Ma Macron non si abbassa: “Non risponderò, è la sola cosa che si aspettano. Tutto questo è irrilevante”.

“Le nostre parole saranno irrilevanti per lui, ma non per gli italiani e gli europei”, rilancia Giggino.

Ma Macron lo schizza: “Il popolo italiano è nostro amico e merita dei leader all’altezza della sua storia”.

E allora Di Maio ci manca poco che dica al presidente francese di candidarsi in Italia, che poi vediamo quanti voti prende: “Macron dice che io e Salvini non siamo all’altezza? Questo lo lasci decidere al popolo italiano”.

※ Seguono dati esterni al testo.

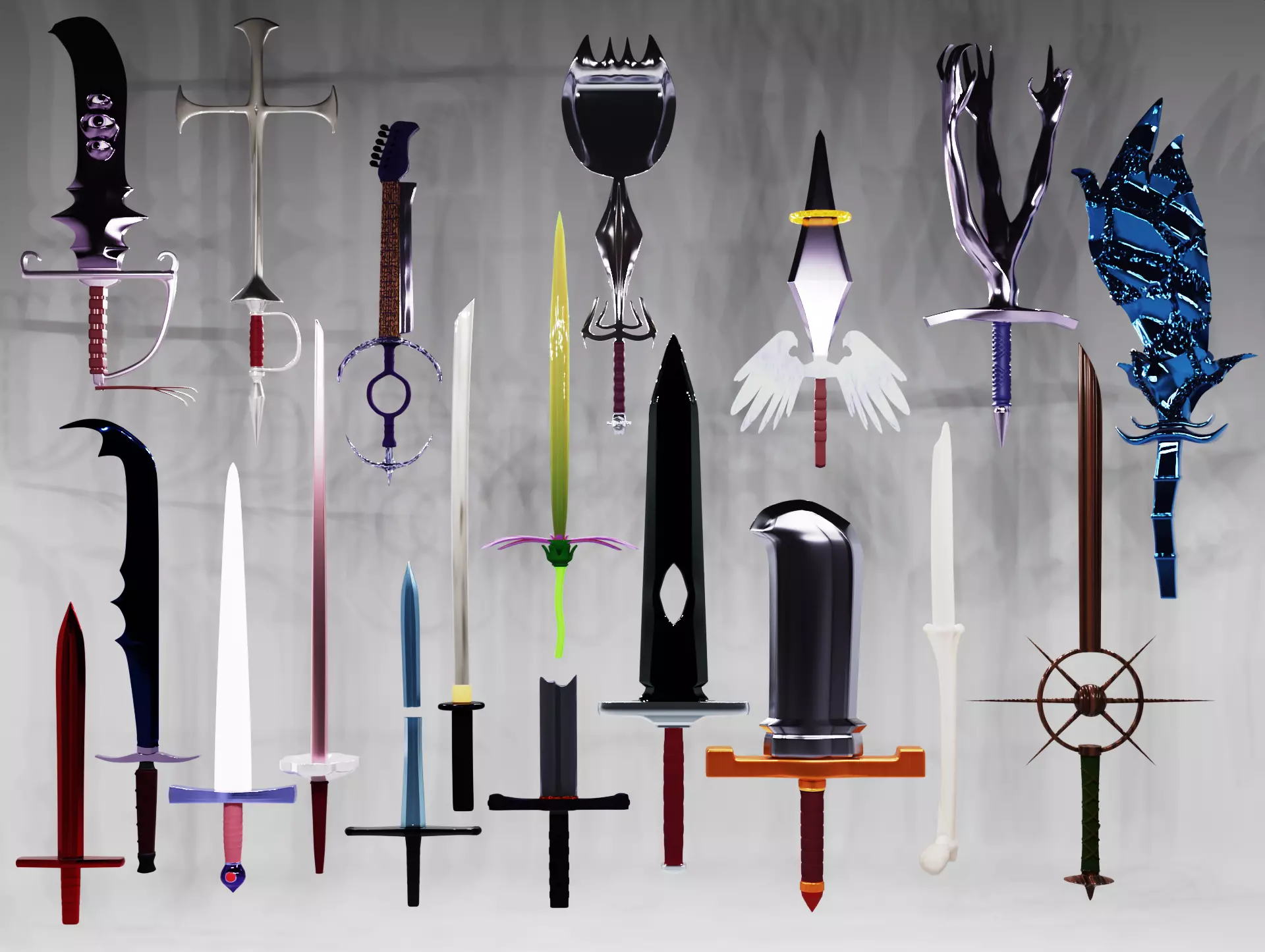 19 different swords with random shapes from basic generic swords to some outlandish ideas and silly ones too. Includes fiddling with basic materials for easy reuse of either the material or the whole sword. Created and rendered in Blender 5.0 tested with both EEVEE and Cycles.

Macron pensi a restituirci i terroristi e gli assassini che la Francia accoglie da troppi anni, poi ne riparliamo”, tuona Salvini, che poi torna a dichiarare il suo amore per Berlino: “Tra Francia e Germania scelgo la Germania tutta la vita”.

Giggino e Dibba intanto fanno un giro a Parigi, dove incontrano senza fortuna alcuni rappresentanti dell’ala dura dei Gilet Gialli.

E si arriva a oggi, con la giornata che si apre con una polemica contro la Francia che ritarda i treni: “Sempre più frequentemente alcuni agenti salgono a bordo dei treni italiani, a Modane, per operazioni di controllo che tengono fermi i convogli. Il risultato sono forti ritardi che danneggiano i viaggiatori e le imprese”, denunciano fonti del Viminale.

Poco dopo arriva la notizia che Parigi ha richiamato il suo ambasciatore in Italia, perché “la Francia è stata, da vari mesi, oggetto di accuse ripetute, di attacchi senza fondamento, di dichiarazioni oltraggiose che tutti conoscono e hanno presenti. Questo non ha precedenti, dalla fine della guerra. Avere disaccordi è una cosa, strumentalizzare la relazione a fini elettorali è un’altra cosa. Le ultime ingerenze costituiscono una provocazione aggiuntiva e inaccettabile”.

Gongola il sottosegretario pentastellato agli Esteri, Manlio Di Stefano, per l’obiettivo raggiunto: “Nessuna crisi diplomatica, almeno da parte nostra. La loro semmai è una provocazione. Erano abituati ad avere sudditi in Italia, certo che ora notano la differenza”.

Isterie di una lunga, lunghissima campagna elettorale.